Ce récit se situe dans le genre polar, avec plusieurs enquêtes (la disparition de Jolene et celle de Sam Lang) mâtinées d'une touche d'horreur (le cannibalisme), le tout dans un environnement très particulier (les marais de Floride). le lecteur établit une comparaison avec la série Scalped de Jason Aaron & RM Guéra. La comparaison est flatteuse, mais dangereuse pour Cannibal au vu de la qualité de Scalped. Pour commencer, les auteurs ne réussissent pas aussi bien qu'Aaron & Guéra à établir une personnalité pour chacun de leurs protagonistes. Ils sont trop nombreux pour pouvoir tous exister au-delà de leurs actes, les dialogues ne portent pas leur caractère et il n'y a pas de voix intérieure qui viennent commenter ce que voit le lecteur. En outre la dimension sociale de ce milieu est pour l'instant plus caricaturale que dans Scalped. Aaron & Guéra commençaient dès le premier tome à montrer la pauvreté régnant dans la réserve. Ici il s'agit d'une classe populaire, avec certains proches du seuil de la pauvreté, mais sans que cela ne dicte leur conduite, ou ne les emprisonne dans une condition sociale.
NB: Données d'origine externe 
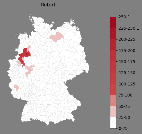 Relative Verteilung des Namens Rotert (1996)Direkt zur Karte Die Farbskala zeigt die Anzahl von "Rotert" bezogen auf je 1 Million Einträge. |
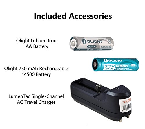 Comes with a lithium iron AA battery as well as a rechargeable 14500 battery to maximum the brightness of the light plus a LumenTac single-channel travel charger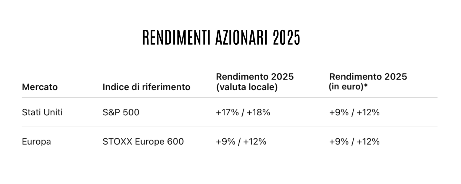 I mercati azionari europei hanno mostrato una crescita più moderata, coerente con un contesto macroeconomico debole, ma hanno beneficiato di valutazioni iniziali più contenute. Per l’investitore in euro, questo ha significato rendimenti meno spettacolari, ma anche una minore volatilità valutaria e una maggiore stabilità complessiva del portafoglio.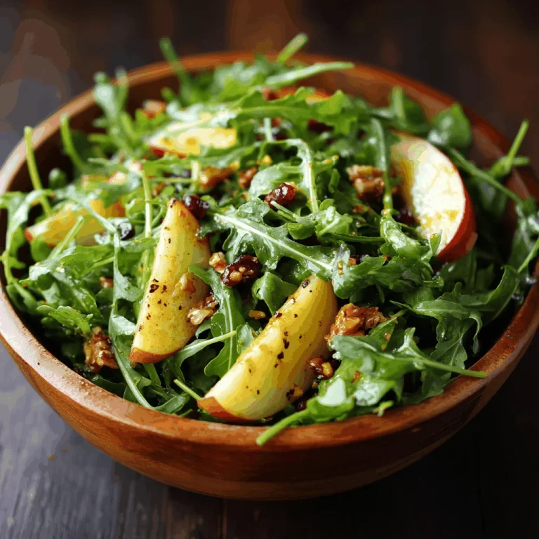 This Arugula Apple Salad is a testament to the power of simple, fresh ingredients. I love the peppery zing of arugula—it’s like a little wake-up call for your taste buds! Paired with crisp apples and creamy goat cheese, it’s a match made in salad heaven. The candied pecans add a sweet crunch that’s just irresistible.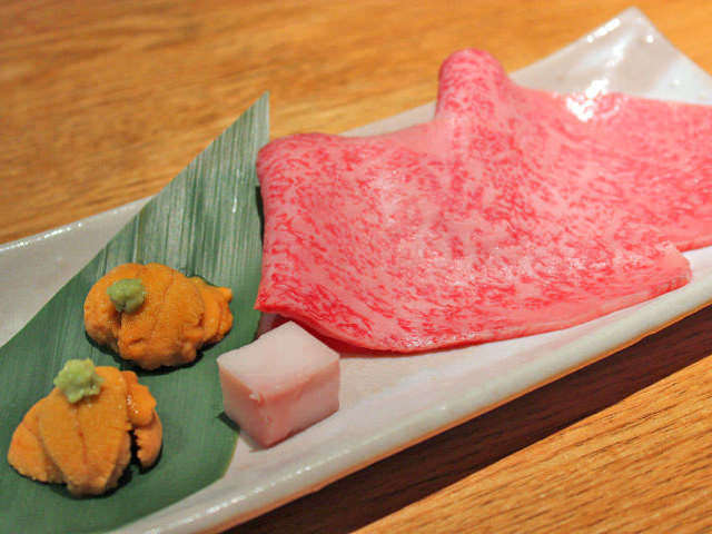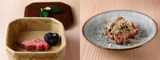 「大山黒牛」の特徴はキメ細かなサシ。常温で溶けてしまうほどの繊細な脂と赤身のバランスがすばらしく、深みがあるのにさっぱりとした味わいを楽しめる。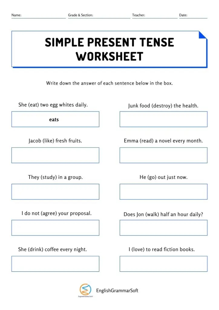 Simple Present Tense Worksheet For Class 4 (worksheetfullohmmeter.z19.web.core.windo…)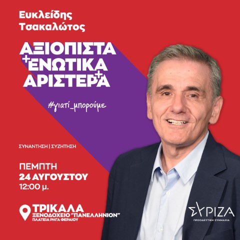 Την Πέμπτη 24 Αυγούστου, ο Ευ. Τσακαλώτος θα επισκεφθεί τα Τρίκαλα όπου θα παραχωρήσει συνέντευξη τύπου στο Ξενοδοχείο ΠΑΝΕΛΛΗΝΙΟΝ (Πλατεία Ρήγα Φεραίου) στις 11:30 π.μ..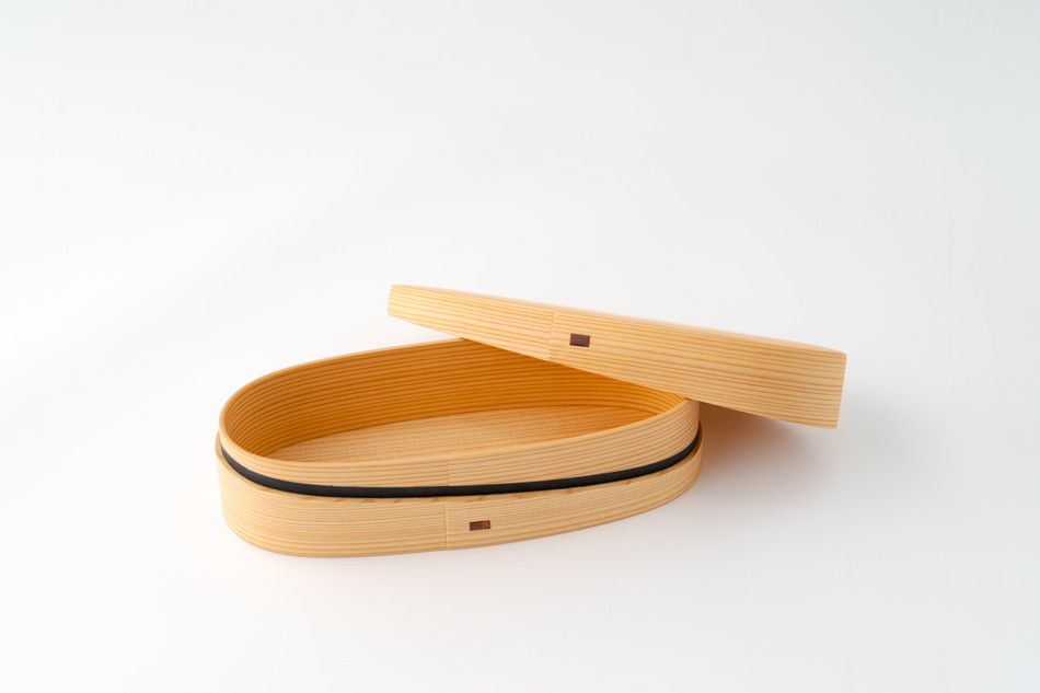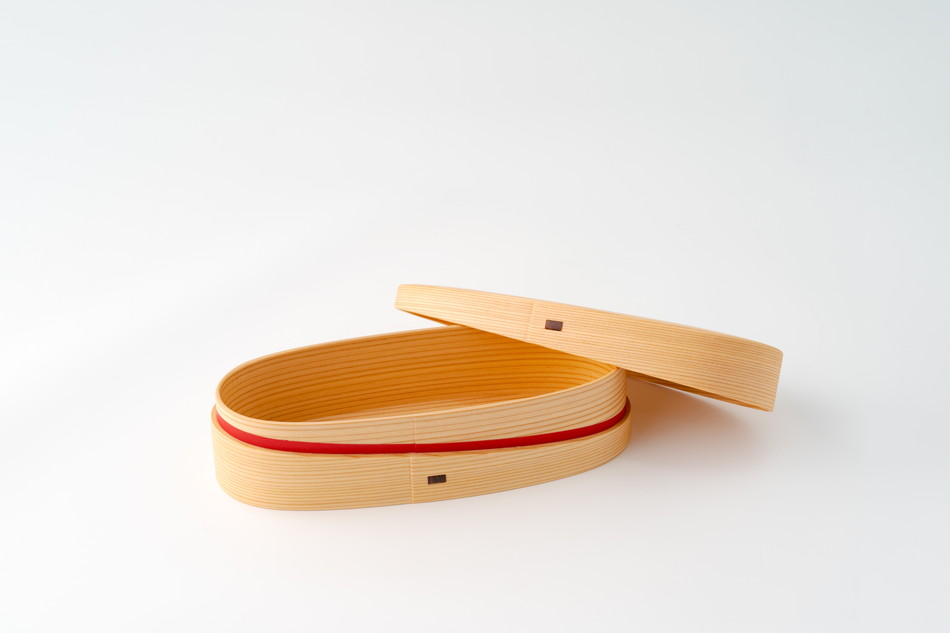 曲げわっぱのお弁当箱です。細長いから、詰めやすい・持ちやすい! 塗装加工をしているので、唐揚げやパスタなど、油物も気にせずお使いいただけます。 調湿効果でごはんのおいしさも楽しめます。 ご使用後は食器用洗剤でしっかり洗えて、お手入れが簡単です。

Enfin, la violence est moins viscérale que dans Scalped. Certes Cash Hansen se laisse emporter par son inquiétude générée par la disparition de Jolene, jusqu'à tabasser celui qu'il croit coupable, et à le faire sous les yeux de sa fille. C'est glauque, primal, sans que le lecteur ne soit complètement emporté par cette fureur faute d'assez bien connaître les personnages. La réaction très communautariste des frères Jesse & Andrew Gilroy sonne juste tout en restant assez proche d'un stéréotype.

À la fin de ce premier tome, le lecteur se dit que les auteurs ont réussi à donner vie à ce coin des États-Unis et à le peupler d'individus plausibles. Ils ont également réussi à développer plusieurs fils de l'intrigue, sans que la narration ne ploie sous la masse des informations à ingérer. Les pages montrent des endroits et des individus pleins de caractère. Mais le lecteur ne saurait dire si cette série est promise à un brillant avenir, ou si les auteurs privilégieront la mécanique de l'intrigue, aux dépends des autres dimensions de l'histoire, restant ainsi dans le récit de genre. 4 étoiles en restant prudent, 5 étoiles en étant déjà sous le charme.